The Court's decision is dead on regarding business records.
Secondly anonymous makes a technical point that at first blush might cause one to leap for it. But if the truth was the recorded statement than it was made for the truth of the matter asserted. If the lie was the recorded statement we run into the issue of what constitutes the "truth of the matter asserted." It is broader than anonymous opines. This is not a case where a prior inconsistent statement is being offered on cross to demonstrate just that -- inconsistency. And it is not a case as it would seem where we are offering a statement to show a state of mind.
The statement was a lie. It is being offered to demonstrate a lie which is non-cooperation. If the same statement were introduced in opposition to a motion for summary judgment than it would be admissible as non-hearsay because it would merely demonstrate inconsistency.
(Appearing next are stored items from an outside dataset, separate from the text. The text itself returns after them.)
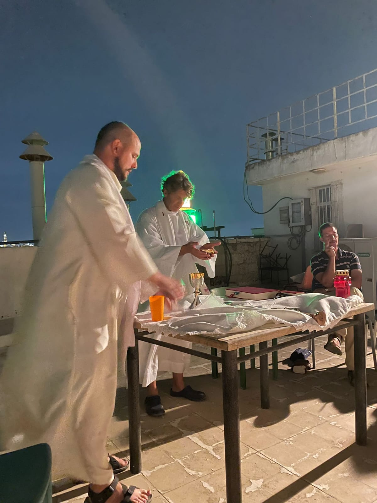 La celebrazione nella vigilia della festa di Maria Assunta in ciel, cifra del cammino di ogni uomo, ha dato lo spunto, lo stile, la chiave di lettura e il senso, del servizio che si svolgerà. Lo scenario evocativo ha arricchito la riflessione, sullo sfondo infatti si aveva il monte degli Ulivi, luogo dell’agonia e della scelta d’amore radicale di Gesù ed ancora la cupola che protegge il luogo della Resurrezione, testimonianza che una vita donata vince la morte.
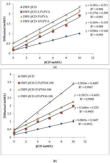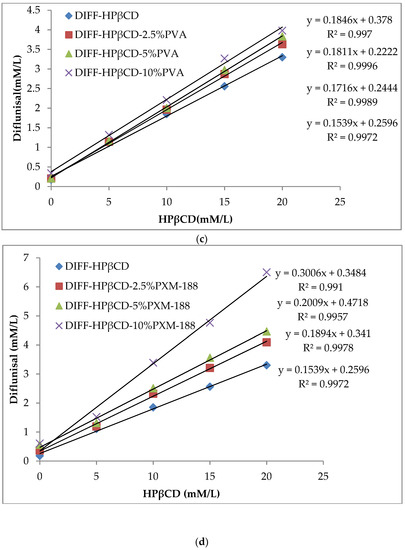 The addition of hydrophilic polymers was found to improve the solubilization and complexation efficiency of cyclodextrins [28]. In view of the favorable effect as a result of incorporation of hydrophilic polymers, PVA, CMC-Na, and PXM-188, were used for diflunisal in the present study. These hydrophilic polymers could ameliorate the solubilizing and complexation efficiency of cyclodextrins and their derivatives [29,30,31].
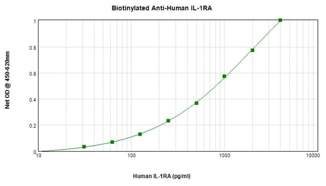 AA Sequence of recombinant protein: MRPSGRKSSK MQAFRIWDVN QKTFYLRNNQ LVAGYLQGPN VNLEEKIDVV PIEPHALFLG IHGGKMCLSC VKSGDETRLQ LEAVNITDLS ENRKQDKRFA FIRSDSGPTT SFESAACPGW FLCTAMEADQ PVSLTNMPDE GVMVTKFYFQ EDE. Preparation: Produced from sera of rabbits immunized with highly pure Recombinant Human IL-1RA. Anti-Human IL-1RA-specific antibody was purified by affinity chromatography and then biotinylated. Sandwich ELISA: To detect Human IL-1RA by sandwich ELISA (using 100 μL/well antibody solution) a concentration of 0.25-1.0 μg/mL of this antibody is required. This biotinylated polyclonal antibody, in conjunction with PeproTech Polyclonal Anti-Human IL-1RA (500-P209) as a capture antibody, allows the detection of at least 0.2-0.4 ng/well of Recombinant Human IL-1RA. Western Blot: To detect Human IL-1RA by Western Blot analysis this antibody can be used at a concentration of 0.1-0.2 μg/mL. When used in conjunction with compatible secondary reagents the detection limit for Recombinant Human IL-1RA is 1.5-3.0 ng/lane, under either reducing or non-reducing conditions. 500-P209BT-1MG will be provided as 2 x 500 μg
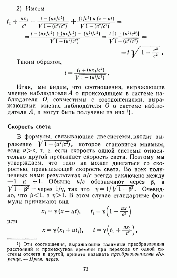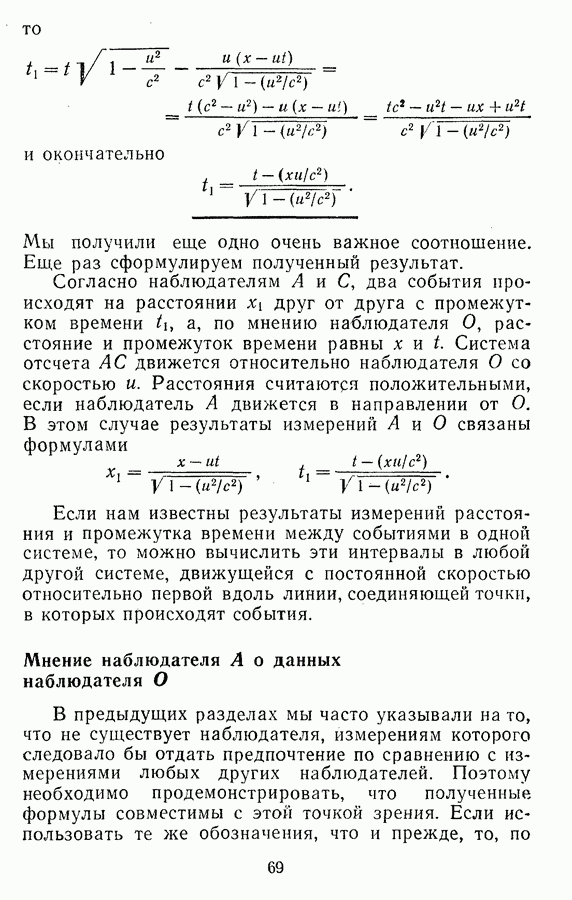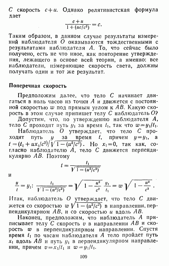 Таким образом, ясно, что результат, который получает наблюдатель О при измерении поперечной скорости тела, зависит от величины продольной скорости этого тела.
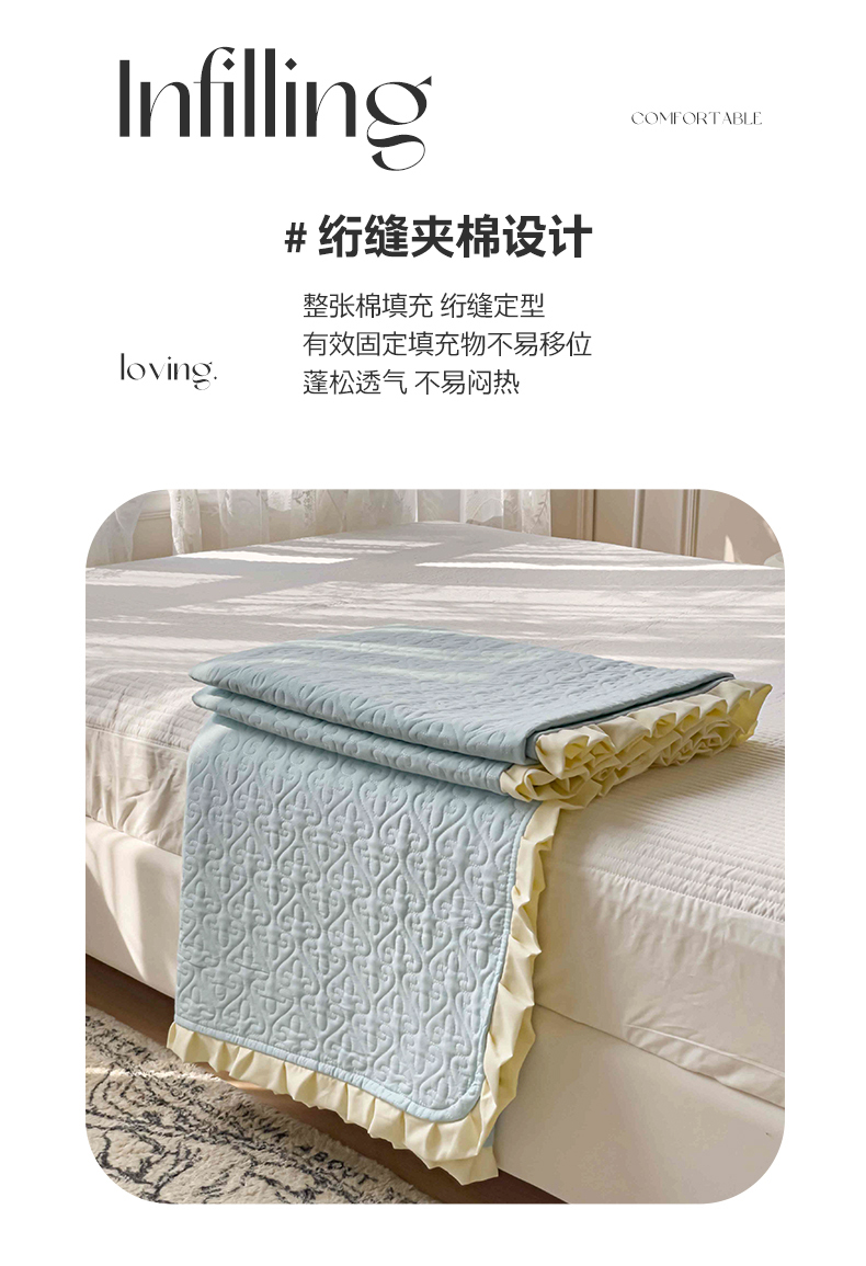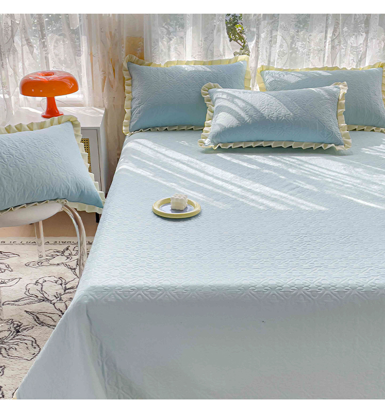 • 91家纺网 家纺一手货源 找家纺 妮可 2025新款全棉纯色花边款40S纯棉夹棉绗缝四季款多功能床盖 浅水蓝

Here the lie is being offered to show a lie and most courts would conclude that this is hearsay. To hold otherwise would open the door to a host of out of court statements rendering every case the equivalent of a no fault farce.
Perhaps to refine anonymous' argument it would have been better to classify the statement as a verbal act -- like saying I accept in a contract action. The statement "I don't know who was driving" was a verbal act of non-cooperation and therefore not hearsay. The equivalent of a refusal to answer.
But that brings us to hearsay layers and authentication. An admission would cure one layer. I assume that the recorded statement was transcribed. The transcript is another layer. It is another out of court statement as opposed to a person testifying IN COURT that a Party to the action said this or that. The plaintiff tried to get the transcript in as a business record. No go. If it were admitted as business record than the statement itself would have been an admission.
Hence Larry's EBT analysis. Under the CPLR if the party is given the opportunity to review his transcript the EBT can be used for almost anything.
I don't know the facts of the Tower case. Were the signed statements used to obtain summary judgment or defeat it.
Zuppa, although I understand your concern that the statement is being offered to prove a lie, that's not really correct. Presumably, the insurer has non-hearsay evidence to prove that this statement is, in fact, false. Thus, the necessity of first proving the statement was made (non-hearsay use), followed with admissible evidence proving the falsity of the statement.
An example: In a defamation case, the plaintiff offers the defamatory statement. Objection: hearsay. Response: the statement is not being offered to prove the truth of its content, but to show that it was made. Result: the statement is let in.
I absolutely know your argument but still stand by the fact that courts define what constitutes "the truth of the matter asserted" more broadly.
Your hearsay hypo is convincing but flawed. If a witness came into court and testified Defendant said "Zuppa is a hack" than we'd have an admission which overcomes the single layer of hearsay.
I am sorry but that is evidence. I didn't show up to court with a bag full of cocaine and intro it into evidence: "Here it is your honor." I had to establish chain of custody.
More on point when I introduced taped conversations from wiretaps I had to lay out a massive authentication from the monitoring through the sealing and the unsealing. Evidence is a lost art. It mi[ght] as well be lost since many courts do not even understand it.